Tom Lindsay
- Born: Tom Lindsay 18 November 1987 (age 37) Swindon, England
- Height: 1.88 m (6 ft 2 in)
- Weight: 110 kg (17 st 5 lb; 243 lb)

Rugby union career
- Position: Hooker
- Current team: Bristol Bears

Youth career
- Saracens Academy

Senior career
- Years: Team / Apps / (Points)
- 2004–2015: Wasps / 129 / (25)
- 2015–2017: Gloucester / 12 / (0)
- 2017: Saracens / 2 / (0)
- 2017–2018: Bedford Blues / 24 / (5)
- 2018–2020: Bristol Bears / 9 / (10)

International career
- Years: Team / Apps / (Points)
- 2010: England Saxons

= Tom Lindsay (rugby union) =

English rugby union footballer

Tom Lindsay (born 18 November 1987) is an English former professional rugby union player who recently played for Bristol Bears in Premiership Rugby.

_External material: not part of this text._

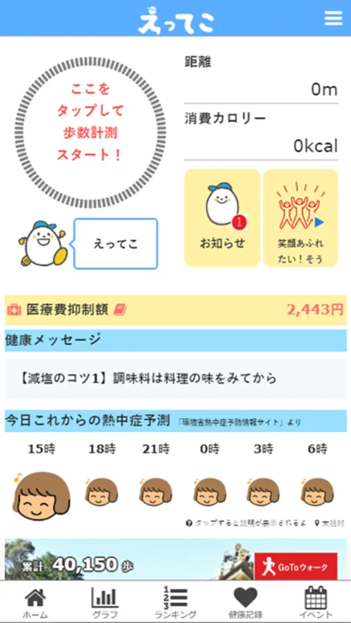歩数の計測表示はもちろん、歩行距離、消費カロリーも表示。さらに、歩くことによる医療費の削減効果を「医療費抑制額」として算出し表示することができます。

A former member of the Saracens Academy, Lindsay made his senior debut for Wasps in 2008 and his first senior start came in the 2009–10 Amlin Challenge Cup pool game against Racing Metro. The young hooker produced some excellent form towards the end of that season which earned him selection for England Saxons in the 2010 Churchill Cup.

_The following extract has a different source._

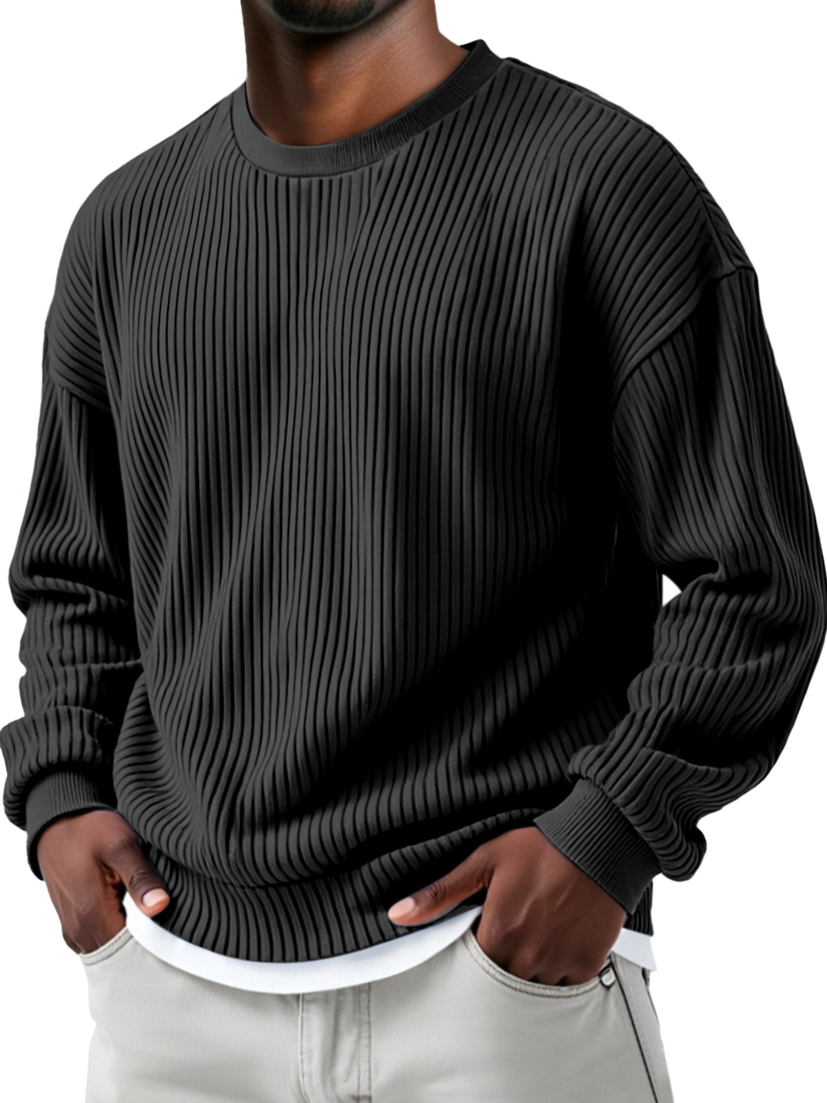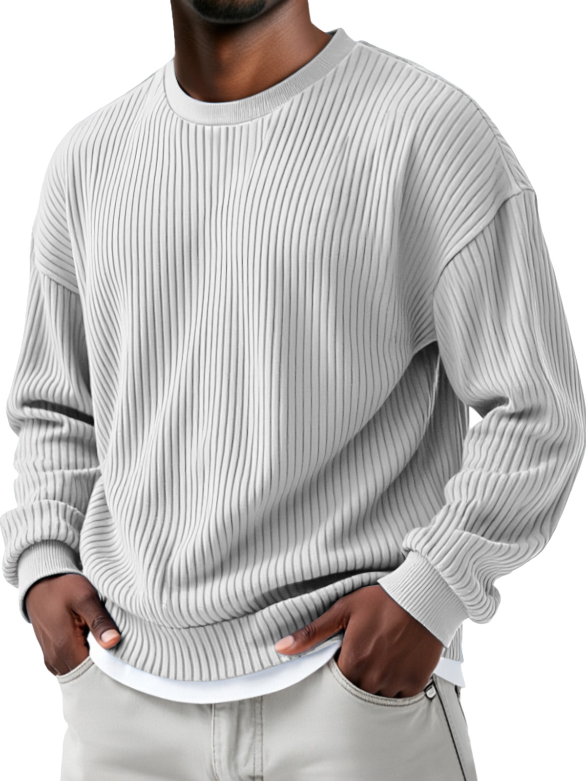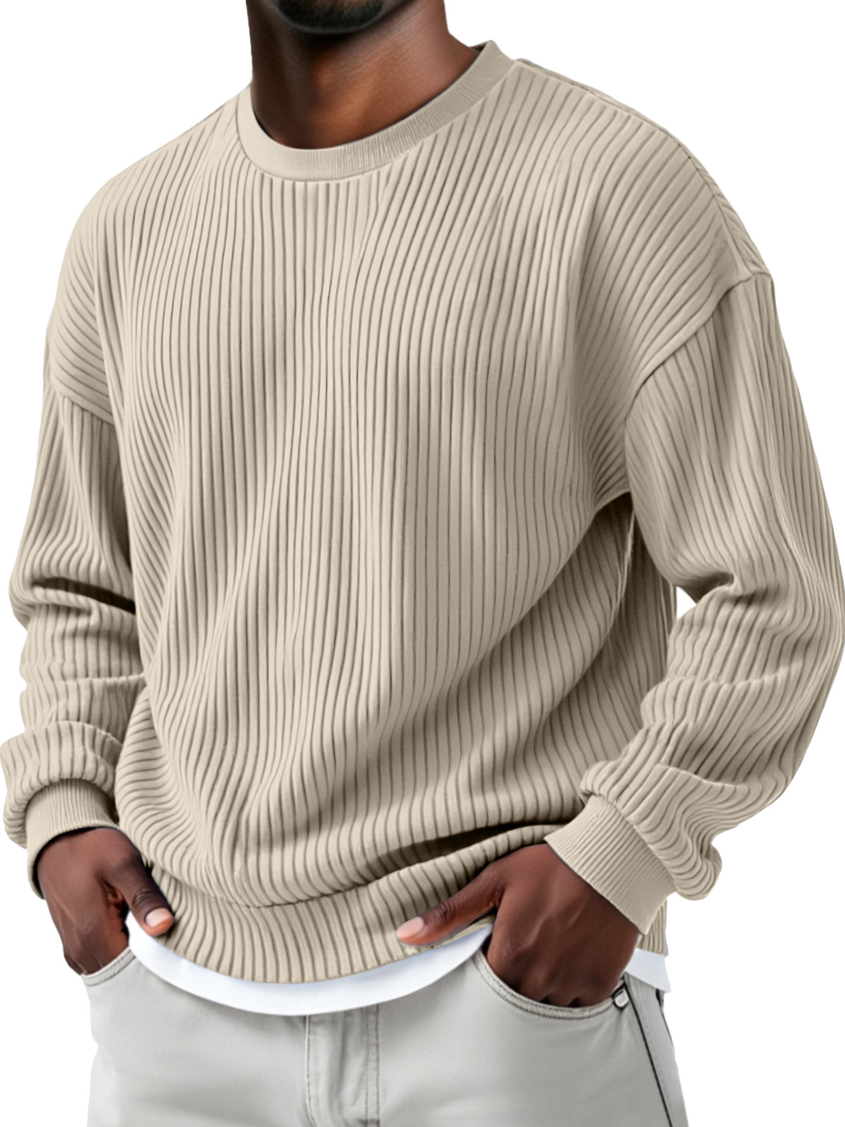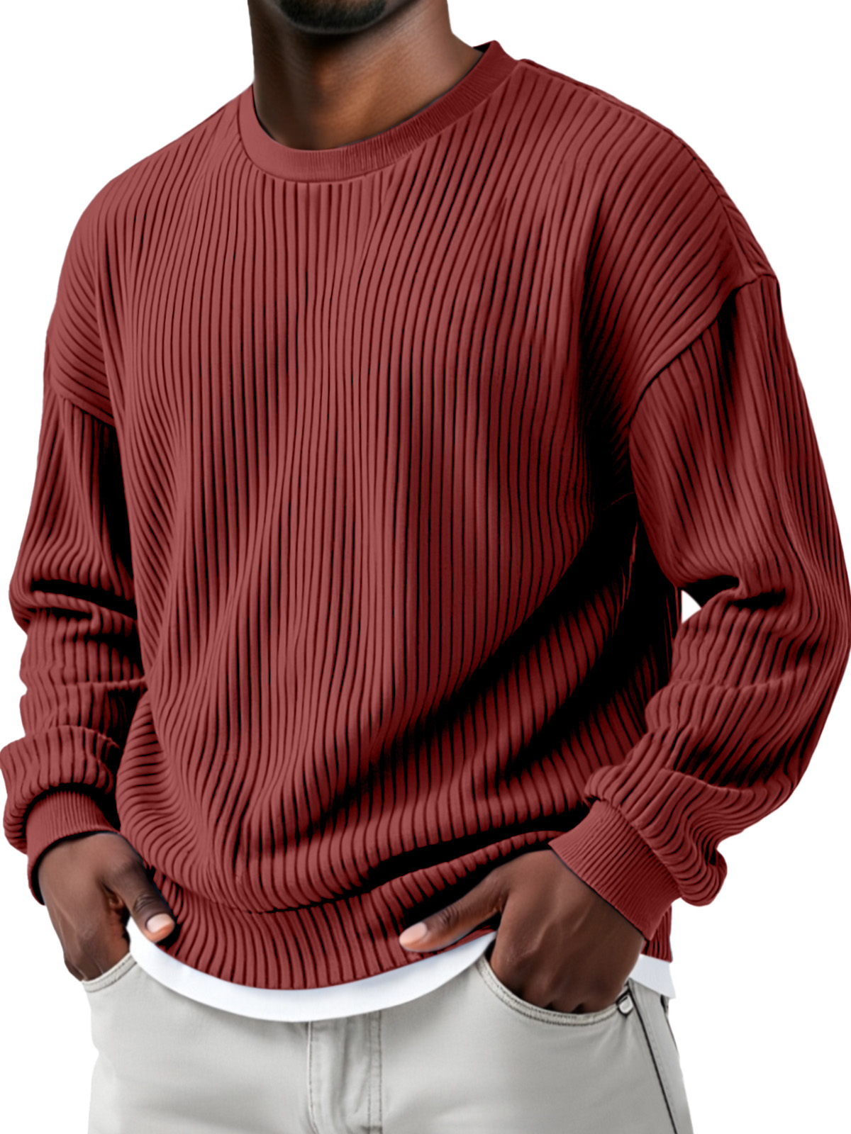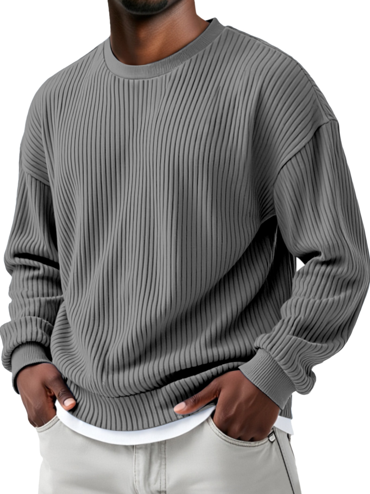 Herren Herbst- und Winter Sweatshirt mit einfarbigem Steppdesign, vertikalen Rillen, Rundhalsausschnitt und langen Ärmeln
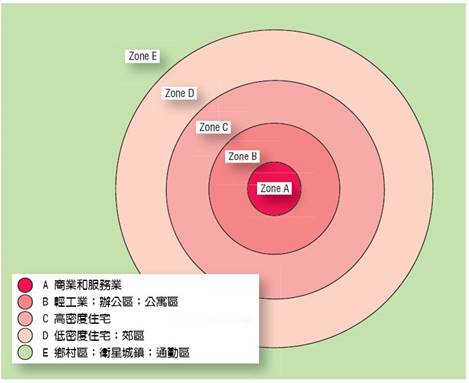 就像一般的景觀圖案一樣,城市的佈局也一樣。在一定程度上,這可以用城市隨時間增長的事實來解釋。最初的住所可能由不多於幾棟房屋組成,但鄉村和城鎮卻擴展成城市。隨著它們的擴展,它們的性質也發生變化,並且在不同地區進行的活動種類也會發生變化。沒有兩個城市的模式完全相同,但是通常一個城市可以檢測到許多城市中都可以找到的市中心區域。在現代化城市的正中間,我們找到了主要的商業和商業區(A區)。通常,這是由摩天大樓部分組成的,該部分已完全取代了城市基礎上的原始住所。相對而言,實際上很少有人會居住在該中心區,因此主要建築物是辦公大樓,百貨商店或購物中心以及娛樂場所,包括劇院,音樂廳,博物館和美術館。在這個中央區域可能還會有大型的公園和花園。中央開發區周圍通常是一個輕工業區(B區),分散的辦公樓和公寓樓容納了許多來自市中心的工人。該區域的建築物通常比市中心的建築物老。儘管可能有足夠的資金用於中心的頻繁改建,但除非市中心需要向外擴展,否則在更換該次區域的建築物方面通常投資較少。下一個區域(C區)通常由安置低薪工人的高密度住宅組成。新來的移民工人通常定居在這個地區,那裡的住房相對便宜,前往工作地點的交通也很簡單。除此之外,還有一個低密度房屋區(D區),高薪工人居住在該區。這是城市的主要郊區住宅區,通常道路交通便利,鐵路網使居民容易進入城市中心,他們通常每天通勤來賺錢。該區域的房屋通常更大,有更大的花園和更廣泛的娛樂設施,例如游泳池,網球場,開放式公園等。

After 11-year association with Wasps, on 13 March 2015, Lindsay has signed for Gloucester Rugby from the 2015–16 season.

On 16 February 2017, Lindsay left Gloucester by mutual consent to join old club Saracens on a short-term deal as injury cover.

On 10 May 2017, Lindsay signed a permanent deal to join Bedford Blues in the RFU Championship ahead of the 2017–18 season. On 9 March 2018, Lindsay signs for Bristol from the 2018–19 season. He later confirmed his retirement at the end of the 2019–20 season.